9. The transmission issues discussions are spot-on. However, it should be noted that new transmission is increasingly difficult to site and fund. This may be creating the start of an economic bypass driver that would favor distributed energy resources.In all, I reiterate that you have produced a great report. I hope my few thoughts have been helpful.
In general, I think this is a good report. It is generally well written and well organized. There are, however, a few places where I have suggested changes.
I. The primary adjustment I would urge you to make is in your analysis of the cost of these RE programs. I do not believe it is appropriate to assume that RE prices compared to other resources will remain constant over the next 15 year period!
1) RE costs are all going down while all other types of generation are
going up. Natural gas prices have taken a very large leap upward during the
last year and though those prices may not stay at $6/mbtu, they are not
likely to go back down to the all time low levels that were assumed in this
report.
2) Almost all other generation has fuel price fluctuations and most fossil
fuel generation also faces increased compliance costs of meeting pollution
requirements already on the books. RE costs are front loaded into their
capital costs (a distinct disadvantage) but as a result, they can be sold at
a relatively fixed and stable cost over time while other generation
fluctuates with fuel and other influences.

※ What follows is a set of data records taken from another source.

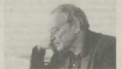
"Schriftsteller Uwe Timm"
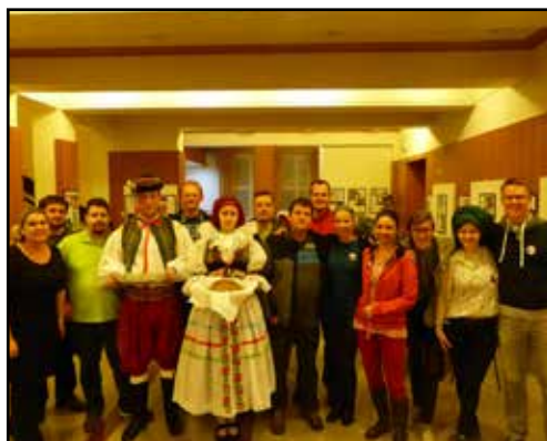
Divadlo Haná Vyškov
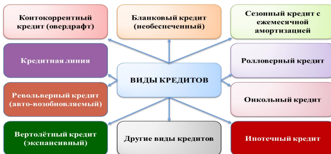
Рис. 1 – Разнообразие кредитных продуктов коммерческих банков [1].

В итоге имеем - банк не очень заинтересован в промышленной группе, т.к. это ограничивает его бизнес нормативами ЦБ, а промышленная группа не очень заинтересована в банке, т.к. он не способен обеспечить её разнообразными кредитами (см. рис. 1).
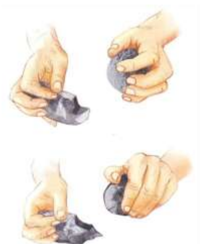
Doc.2. Technique de taille d'un silex [Ateliers Hachette]
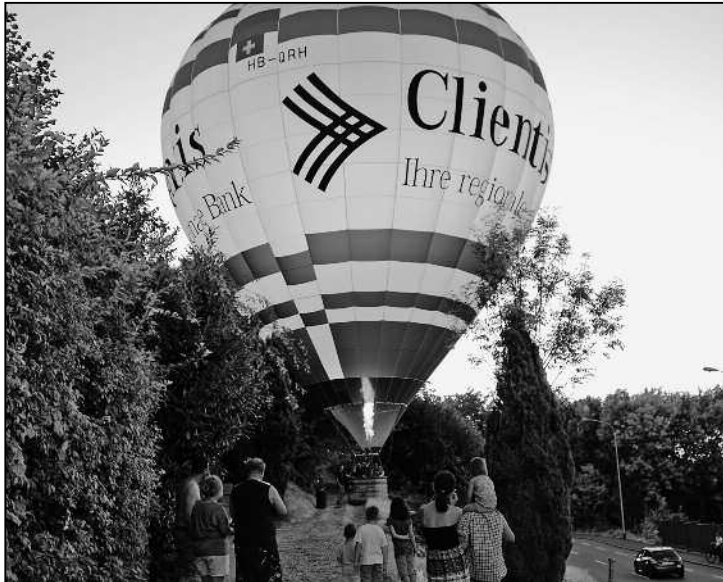
«Tankstopp» auf kleinstem Platz neben der Zürcherstrasse.

Sie war zwar nicht geplant, verlief aber durchaus kontrolliert, die Zwischenlandung des Clientis-Heissluftballons am 30. August in Feuerthalen.
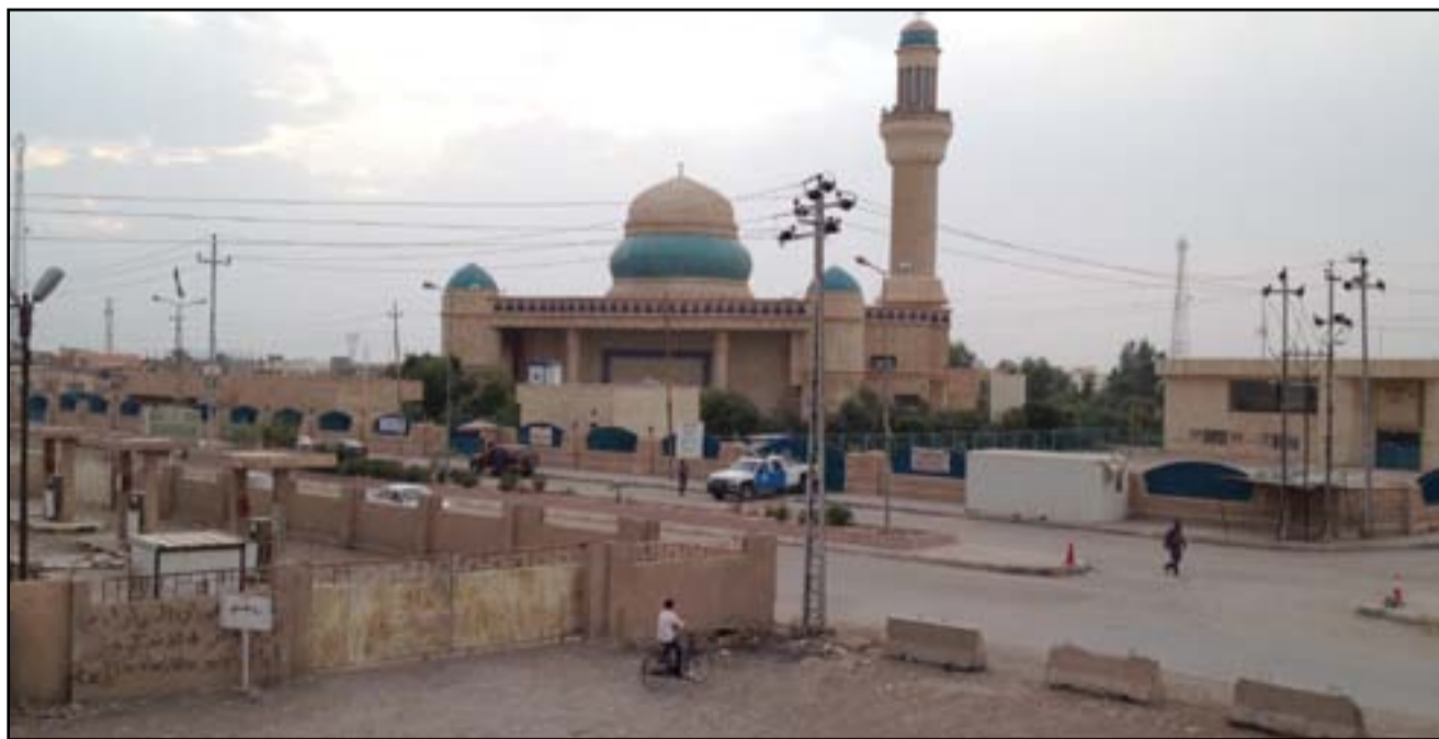
مدينة طوز خورماتو

أعلنت إدارة قضاء طوز خورماتو، أمس السبت، عن موافقة وزير الداخلية محمد سالم الغبان على تعيين ٢٠٠ شرطي في القضاء، شرق تكريت، (١٧٠ كم شمال صلاح الدين)، وفيما طالبته الحكومة بصرف تعويضات متضرري القضاء، أكد الحشد التركماني ان عناصر الشرطة الجدد سيقومون بمسك الجانب الجنوبي والشمال للقضاء.

3) Because of the lack of new generation plants in the west, the average
wholesale price of power has gone way up. RE may not look bad by comparison
in the next few years.
4) In 1998-mid 2000, in the California Green market RE has tended to run
1.5 cents/kWh more than conventional power. You even use that price in your
Federal Purchase discussion though you use 2.5 cents/kWh in your
calculations.
Other more minor things:
II. RPS Table is missing the Arizona RPS
III. SBC Table is missing Delaware and Maryland (though you discuss Delaware in the text).
IV. RPS and SBC are NOT conflicting programs. In fact, five states (Conn, Mass, NJ, PA and Wisconsin) have passed both SBC and RPS legislation. RPS creates a specific market for RE while SBC creates a pot of money that can be used in any number of ways (e.g. EE, low-interest loans for new RE projects; consumer rebates; some type of support for on-site generation like roof-top PVs; support for RD&D; etc.)
V. Tracking generation and even issuing RECs does not automatically eliminate double counting though it can make it easier to verify what is being sold. Unfortunately, there is the other half of the equation -- "How much demand is being served by how much supply."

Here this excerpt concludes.